RAW DATA =>
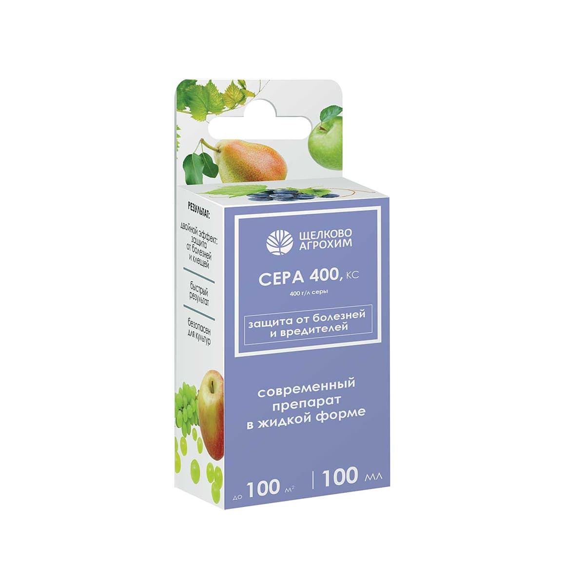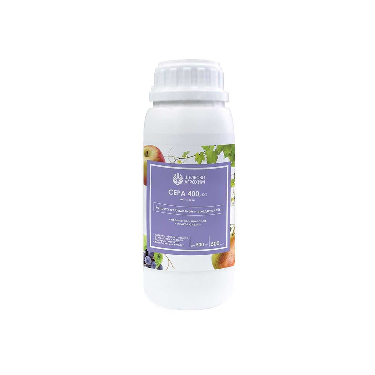 «Сера 400, КС» – фунгицид и акарицид для садов и виноградников. Действующее вещество: сера (400 г/л). Препарат создает защитный барьер, подавляющий прорастание спор грибов и их проникновение в ткани растений. Фунгицидный эффект обеспечивается образованием паров серы и сероводорода, токсичных для патогенов. Дополнительно эффективен против паутинного клеща: под действием солнечных лучей сера переходит в газообразное состояние, уничтожая клещей и их личинки. Применяется для защиты от комплекса грибных заболеваний и клещей на плодовых деревьях и виноградной лозе. Максимальная эффективность против клещей достигается только в солнечную погоду.
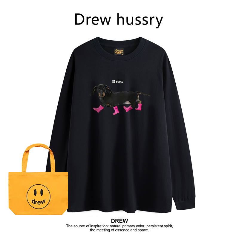 Drew美式潮牌赵露思同款腊肠狗印花打底衫纯棉长袖t恤夏季情侣装
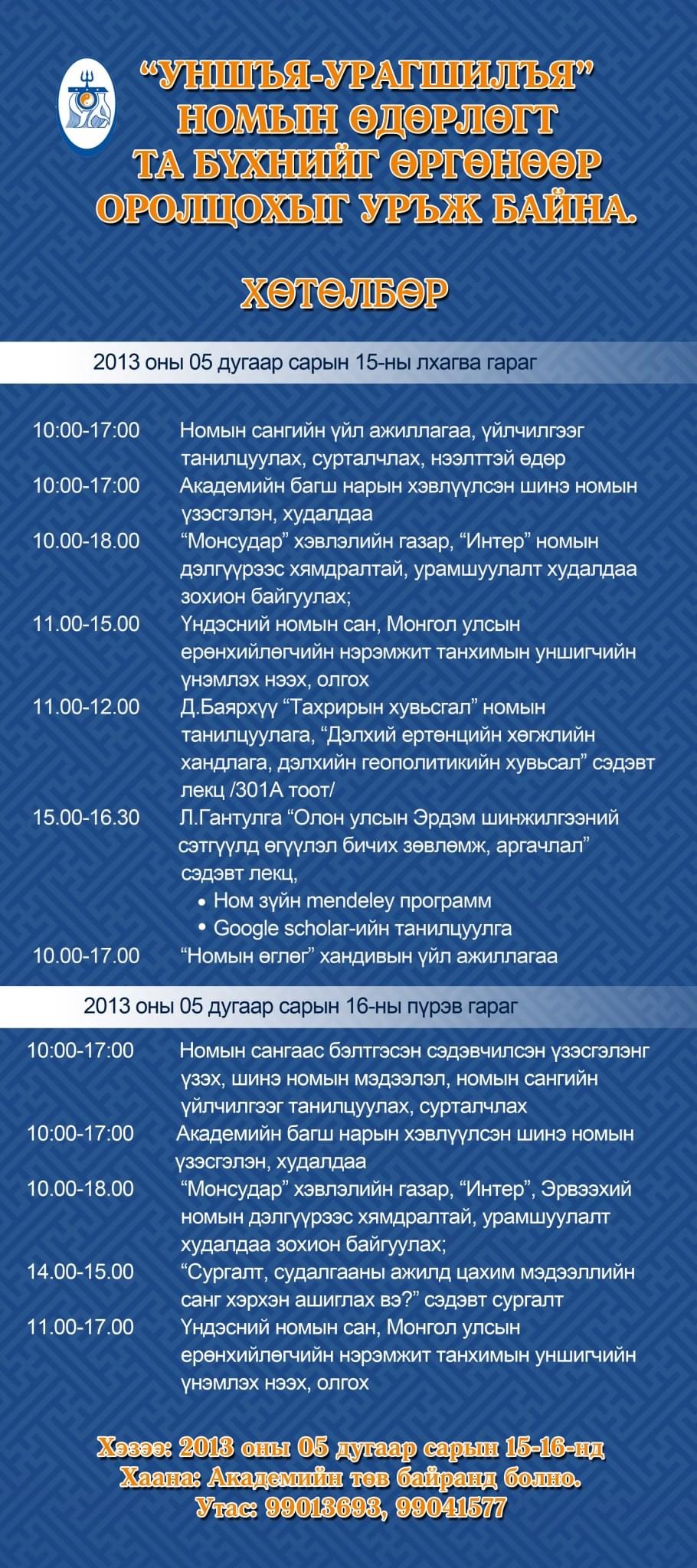 - Номын өдөрлөгийн хөтөлбөр, баннер 2013 он

PROMPT => Retype the data above exactly; pictures are not part of the copy.

ANSWER BELOW =>
 «Сера 400, КС» – фунгицид и акарицид для садов и виноградников. Действующее вещество: сера (400 г/л). Препарат создает защитный барьер, подавляющий прорастание спор грибов и их проникновение в ткани растений. Фунгицидный эффект обеспечивается образованием паров серы и сероводорода, токсичных для патогенов. Дополнительно эффективен против паутинного клеща: под действием солнечных лучей сера переходит в газообразное состояние, уничтожая клещей и их личинки. Применяется для защиты от комплекса грибных заболеваний и клещей на плодовых деревьях и виноградной лозе. Максимальная эффективность против клещей достигается только в солнечную погоду.
 Drew美式潮牌赵露思同款腊肠狗印花打底衫纯棉长袖t恤夏季情侣装
 - Номын өдөрлөгийн хөтөлбөр, баннер 2013 он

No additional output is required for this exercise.